▶ **Task directions**: Transcribe each line of the material as it is, and drop any picture.

▶ **Provided material**:
—————

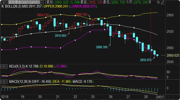 黄金原油黄金策略:实时现报价2861一线、日内入场多单持有2月份终末一个贸易日,黄金代价暴跌给与痛击,周初2954看跌,触及2882主动离场,这就很爽,只是没料到周五早盘会跌至2856一线。醒来迟了,本来这也是有参考信号的,凌晨纳斯达克指数暴跌600个点,黄金早盘回撤20个点齐备寻常。早盘2868众和2860补众持有中,日内的强弱转换节点看1小时中轨2876一线,也是早间开盘报价点位。
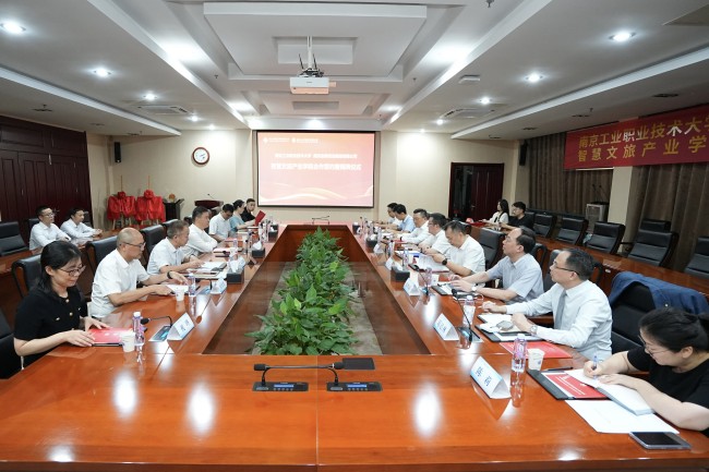 谢永华、毕金标共同为南工智慧文旅产业学院(企业学院)揭牌。孙雁飞、张学义分别代表双方共同签署了战略合作框架协议,标志着产业学院的正式成立。签约揭牌仪式后,双方就产业学院建设进行交流研讨。
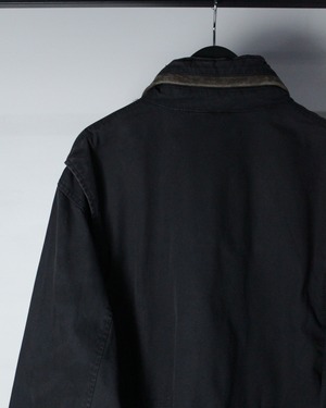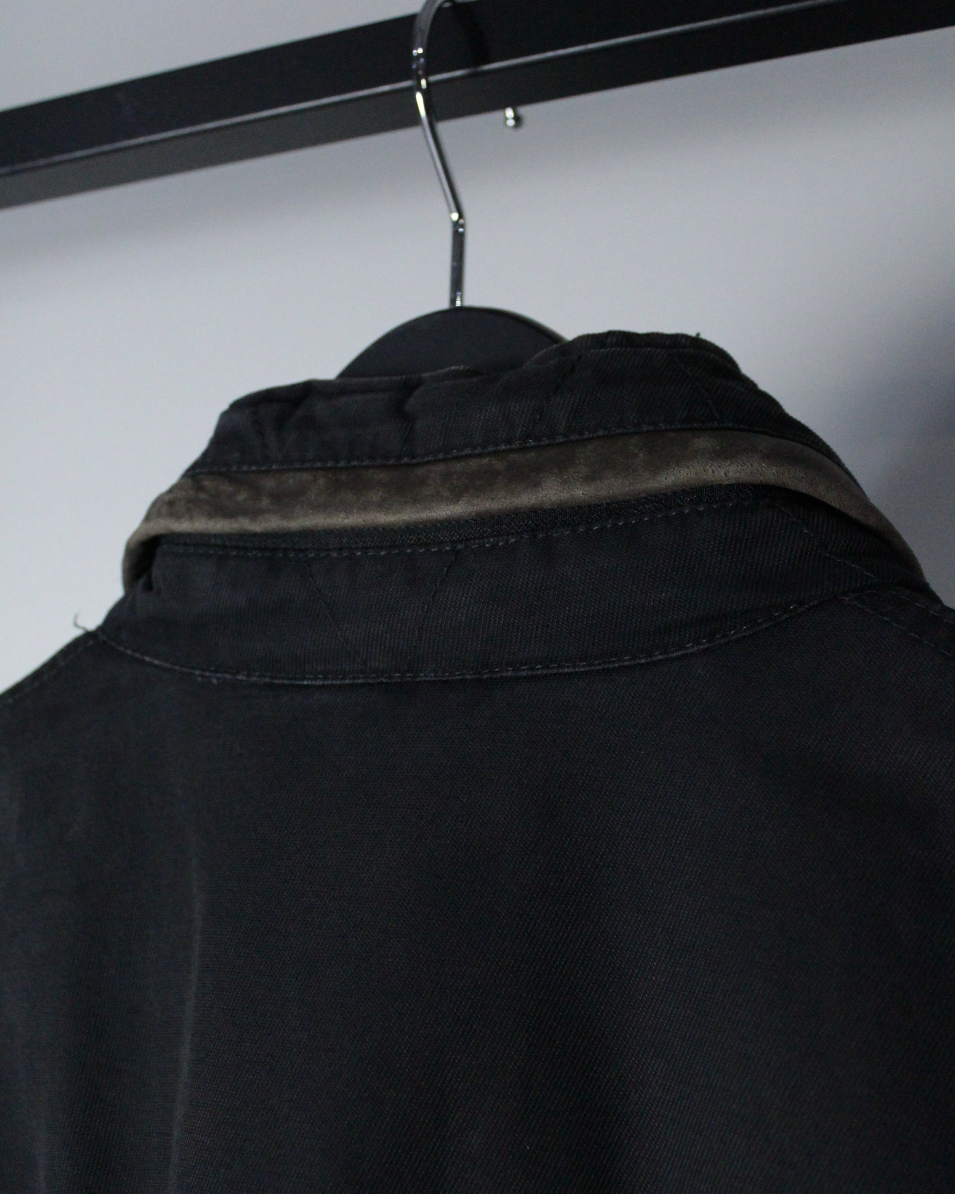 ボディフロントには大ぶりのフラップポケット、ウエストにはドローコード、首元にはチンストラップを施しスタンドカラーに仕様変更可能。肩にはアクションプリーツが施されており、機能的なギミックの数々に心打たれます。

—————

▶ **Task response**:
 黄金原油黄金策略:实时现报价2861一线、日内入场多单持有2月份终末一个贸易日,黄金代价暴跌给与痛击,周初2954看跌,触及2882主动离场,这就很爽,只是没料到周五早盘会跌至2856一线。醒来迟了,本来这也是有参考信号的,凌晨纳斯达克指数暴跌600个点,黄金早盘回撤20个点齐备寻常。早盘2868众和2860补众持有中,日内的强弱转换节点看1小时中轨2876一线,也是早间开盘报价点位。
 谢永华、毕金标共同为南工智慧文旅产业学院(企业学院)揭牌。孙雁飞、张学义分别代表双方共同签署了战略合作框架协议,标志着产业学院的正式成立。签约揭牌仪式后,双方就产业学院建设进行交流研讨。
 ボディフロントには大ぶりのフラップポケット、ウエストにはドローコード、首元にはチンストラップを施しスタンドカラーに仕様変更可能。肩にはアクションプリーツが施されており、機能的なギミックの数々に心打たれます。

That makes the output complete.